Rechte Terrorzelle „Gruppe S.“: Elf Männer als Mitglieder angeklagt

Tod in JVA Dortmund

Ein mutmaßlicher Rechtsterrorismus-Unterstützer wurde Ende Juli tot in seiner Zelle der Dortmunder JVA gefunden. In Zusammenhang mit dieser Terrorzelle gibt es nun eine neue Entwicklung.

Dortmund

von dpa

, 13.11.2020, 17:15 Uhr / Lesedauer: 1 min

Die rechtsextreme Terrorzelle „Gruppe S.“ soll Anschläge auf Moscheen geplant haben, um den politischen Umsturz einzuleiten - und sie war größer und fester organisiert als ursprünglich gedacht.

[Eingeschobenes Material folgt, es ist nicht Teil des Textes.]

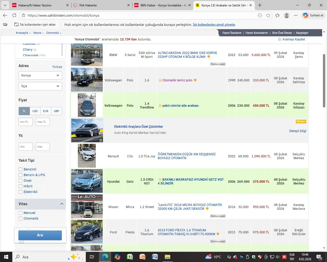 İşte Konya'daki en pahalı ikinci el araçlardan bazıları:

Die Bundesanwaltschaft, die nun Anklage erhoben hat, wirft inzwischen elf Männern die Mitgliedschaft vor und führt nur noch einen Angeklagten als Helfer, teilte die Karlsruher Behörde am Freitag mit. Bei den Festnahmen bei bundesweiten Razzien im Februar hatten die Ermittler noch fünf Männer zum Kern der Gruppe gezählt und acht nur finanzielle Unterstützung vorgeworfen.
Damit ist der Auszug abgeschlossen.